Amphipoda
Methods

Pelagic amphipods can be collected with any plankton net, but collections not specifically designed for them may be poorly representative. Planktonic amphipods usually have well-developed eyes, are active swimmers, and can therefore dodge standard nets quite efficiently. Thus, for most species, large nets with mouth openings above 1 mö2 are required for quantitative faunal analysis. Large high-speed nets (Bongo, Isaacs-Kidd midwater trawls with a mouth area about 5 mö2, etc.) have made it possible to acquire representative materials, yielding a more complete picture of species compositions, including rare species (Shulenberger, 1977; G. Vinogradov, 1991, 1993b). The mesh of these nets, notably Isaacs-Kidd trawls, should preferably be small enough (e.g., 5 mm in the Samyshev-Aseev modification) to retain the animals efficiently; larger mesh-openings, while inadequate for quantitative purposes, can still retrieve qualitatively interesting samples. Despite avoidance problems, even smaller plankton nets may collect enough specimens to furnish a general picture of the diversity at a given site. It should be stressed that some amphipods often swarm, with the result that a single tow may strongly over- or underestimate their overall abundance. In addition, some hyperiids may enter a sampler with hosts (gelatinous planktonic animals), thus resulting in unrealistically high numbers of amphipods. Bentho-pelagic gammarid scavengers may be collected by means of baited traps. Of course trap samples are only qualitative.

Animals must be preserved in 70% alcohol or in 4% buffered formaldehyde.
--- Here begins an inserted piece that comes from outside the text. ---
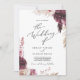 Den här boho-pampasgräs-inbjudan är perfekt för en sommarbröllop. Den blomsterinspirerade akvarelldesignen har bohemiska burgunderröda och rosafärgade blommor med kvistar av neutralt pampasgräs och gyllene torkade palmkvistar. Spara papper genom att inkludera detaljerna på baksidan av bröllopsinbjudan istället för på ett separat svarskort. Inkludera RSVP-informationen också om dina gäster svarar elektroniskt (valfritt).

Identification of amphipods usually requires dissection, or at least manipulation under a binocular microscope. Before detailed examination and dissection of the specimen, the characters which can be destroyed by subsequent handling should be observed: e.g. (1) form and comparative length of the head, (2) form and colour of the eyes (if any), (3) shape of the rostrum (when present) and of the epistome (in gammarids), (4) presence or absence of depressions or cairns and spines on the body, (5) presence or absence of fused segments in the pereon and the urosome (see General Morphology below). Subsequently, glycerine or glycerine-gelatine slides must be prepared with the pereopods (taking care not to lose the coxae), uropods, both antennae, telson, epimera (at least epimera III), and the mouth parts (it is preferable to place the last on a separate slide). In Hyperiidea epimera are very rarely used for diagnostic purposes, and in the hyperiid suborder Physocephalata mouth parts are taxonomically useful only at the level of families and some small species of Hyperiidae.

Dissections are performed with dissecting needles in a drop of water with glycerine on a glass plate or crystallising dish under the binocular microscope. The liquid is renewed at suitable intervals. For a detailed examination, the appendages from one side of the body should be removed (taking care not to disturb their order). Mouth parts are usually removed one by one, and it may be easier to isolate the entire buccal mass and dissect it separately, starting with the maxillipeds (see General Morphology below). If permanent slides are not necessary, the appendages may be placed in a cavity slide in glycerine and covered with a cover slip for subsequent analysis with a high-powered compound microscope.

Glycerine-gelatine slides are usually the most useful. The medium is prepared by soaking 7 g of gelatine in 42 cmö3 of distilled water for 2-3 hours, then adding 50 g of glycerine and 0.5 g of crystalline phenol (carbolic acid) or, preferably, thymol. The mixture is warmed in a water bath with continuous stirring, after which it is filtered and cooled, turning it into a dense gelatinous substance. Slides are prepared by placing amphipod appendages in a small drop of glycerine on the glass slide. A tiny amount of glycerine-gelatine is dropped on the cover slip and heated until it melts (care should be taken to avoid letting the mixture boil; if this happens the process must be started over). The cover slip is then turned and placed on the material on the slide. During this procedure the appendages may move. If some of them overlap or trap air bubbles, carefully pressing the cover slip with a needle under the dissecting microscope may correct the problem. If bubbles appear in the glycerine-gelatine near the margins of the cover slip, small amounts of glycerine-gelatine may be picked up with a dissection needle, melted, and forced under the cover glass. The slide is then allowed to cool, avoiding further manipulation until the medium has completely hardened. Such slides may be used for a long time; and if the cover glass was mounted on a "ridge" of water-proof varnish enclosing the medium with the appendages, they become practically permanent. Once mounted in the glycerine-gelatine slide, appendages cannot be removed without risking damage or loss. Canada balsam-mounted materials last even longer, but this technique is more laborious and time-consuming, and is not recommended for field conditions and/or with very abundant materials.